In [None]:
# import a library for working with tabular data, pandas
# we are importing it using the shorthand "pd" to more easily call it's functions

import pandas as pd

In [None]:
# read the data in as a python object (dataframe) we can work with
# I am setting the dtype to string because the data is mixed so it needs
# to know how to interpret it. You ideally should set for each column if working with the data extensively in Python

# NOTE this cell may take some time (up to 10 minutes) to execute

us_data = pd.read_csv("2024_Business_Academic_QCQ.txt", dtype=str)

In [None]:
# OPTIONAL: you can add an 'nrows' argument to pull in only the first x number of rows
# this is useful for a quick preview of extremely large files

us_data_preview = pd.read_csv("2024_Business_Academic_QCQ.txt", nrows=1000, dtype=str)

In [None]:
# check how many rows are in your dataframe
us_data.shape[0]

In [None]:
# optional - set the default max columns and rows to "none" 
# this will allow you to display as many columns & rows as you'd like
pd.set_option('display.max_columns', None)
pd.set_option('display.max_rows', None)

In [None]:
# preview first 10 rows
us_data.head(10)

In [None]:
# filter for only those cases where CITY = BUFFALO
# be sure to assign any outputs to a new variable. Otherwise, these
# changes will not be saved as a new object you can run further
# analysis on!

# CHANGE FILTER AS NEEDED - UPDATE COLUMN AND FILTER PARAMETERS

buffalo_data = us_data[us_data["CITY"] == "BUFFALO"]
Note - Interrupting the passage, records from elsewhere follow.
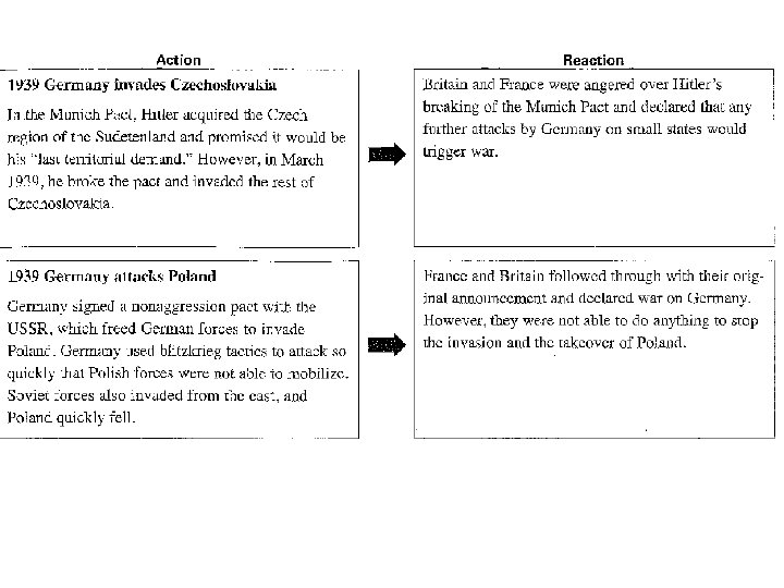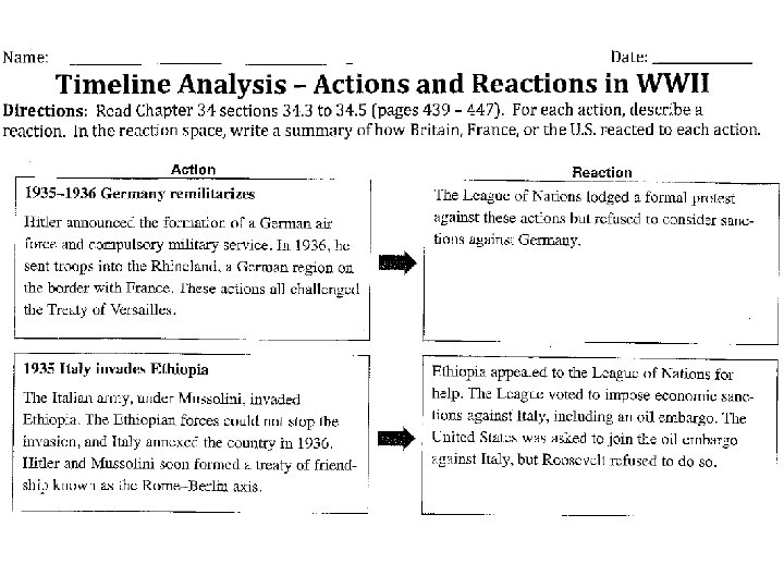 Guided Reading Notes 34. 3 to 34. 5 As you read Sections 34 to 35, write a brief summary of the action and the reaction by Britain, France or the U. S. Action 1935 -1936 Germany rebuilds its military • • • Reaction The League of Nations …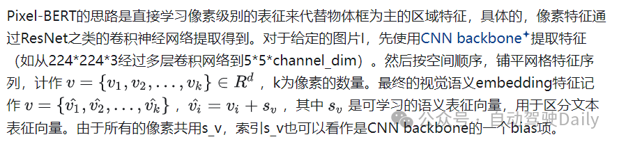 Pixel-BERT是Grid Feature Based多模态融合代表工作之一。如图9,与Region Feature Based方法不同的是,Pixel-BERT不需要使用目标检测模型进行ROI区域的特征抽取,而是直接通过卷积网络提取图片的像素级别特征,直觉和文本特征一起输入到下游的Transformer网络进行特征融合。这种方式减少了目标检测区域框标注的成本,同时缓解了视觉语义label与文本语义的不均衡问题(区域框的物体类别往往上千规模,而文本可以表达的语义远不止于此)。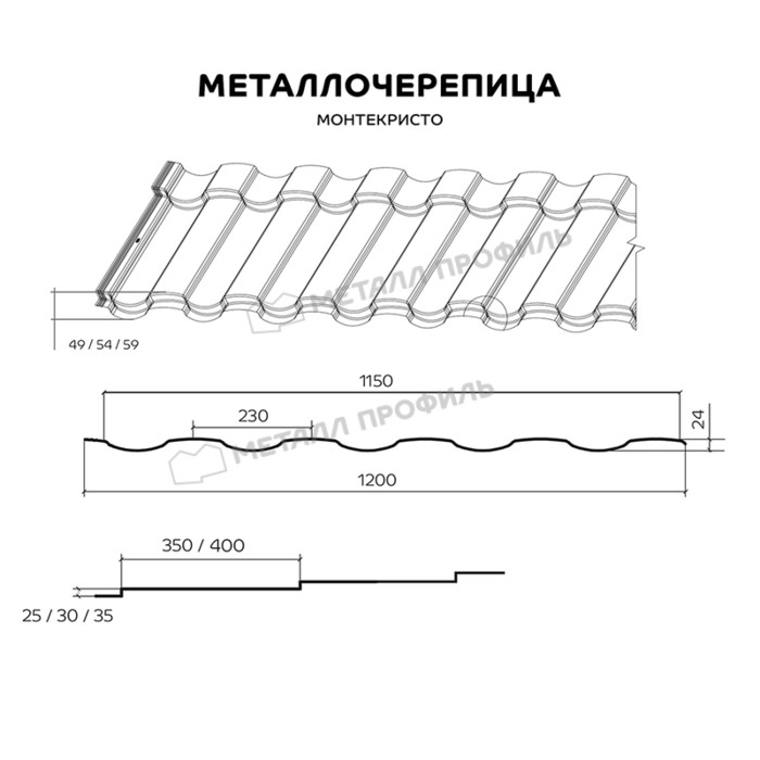 Металлочерепица Металл-Профиль Монтекристо-ML 0,5 PURETAN® RR 29 Вишня

# check size of new dataframe to confirm this has been applied 
buffalo_data.shape[0]

In [None]:
# preview your new dataframe
buffalo_data.head(10)

In [None]:
# additional filters can be applied at the same time
# if applying a numerical filter, you will need to change that particular
# column's data type to numeric

# for example, changing YEAR ESTABLISHED to numeric:

us_data["YEAR ESTABLISHED"] = pd.to_numeric(us_data["YEAR ESTABLISHED"], errors='coerce')

# filtering for city AND year established after, >, 2010 at the same time 

buffalo_data_post2000 = us_data[(us_data["CITY"] == "BUFFALO") & (us_data["YEAR ESTABLISHED"] > 2010)]

# check size of new dataframe to confirm this has been applied 
buffalo_data_post2000.shape[0]

In [None]:
# list all columns in our new dataframe by exporting them to a list called "variables"
variables = buffalo_data.columns.tolist()
print(variables)

In [None]:
# show a sampling of values from a particular column to confirm it
# contains what we think it does

print(buffalo_data["EMPLOYEE SIZE (5) - LOCATION"].head())  

In [None]:
# grab only specific columns to keep

# list of columns to keep
# CHANGE AS NEEDED
selected_columns = ["COMPANY", "ADDRESS LINE 1", "CITY", "EMPLOYEE SIZE (5) - LOCATION" ]

# create a new DataFrame with only selected columns
final_buffalo = buffalo_data[selected_columns]

# display the new DataFrame
print(final_buffalo.head(10))

In [None]:
# print to csv
# your csv will now be available from your Jupyter Notebooks home page
# select the checkbox beside the filename, and "download" from the top menu bar
final_buffalo.to_csv('buffalodata.csv')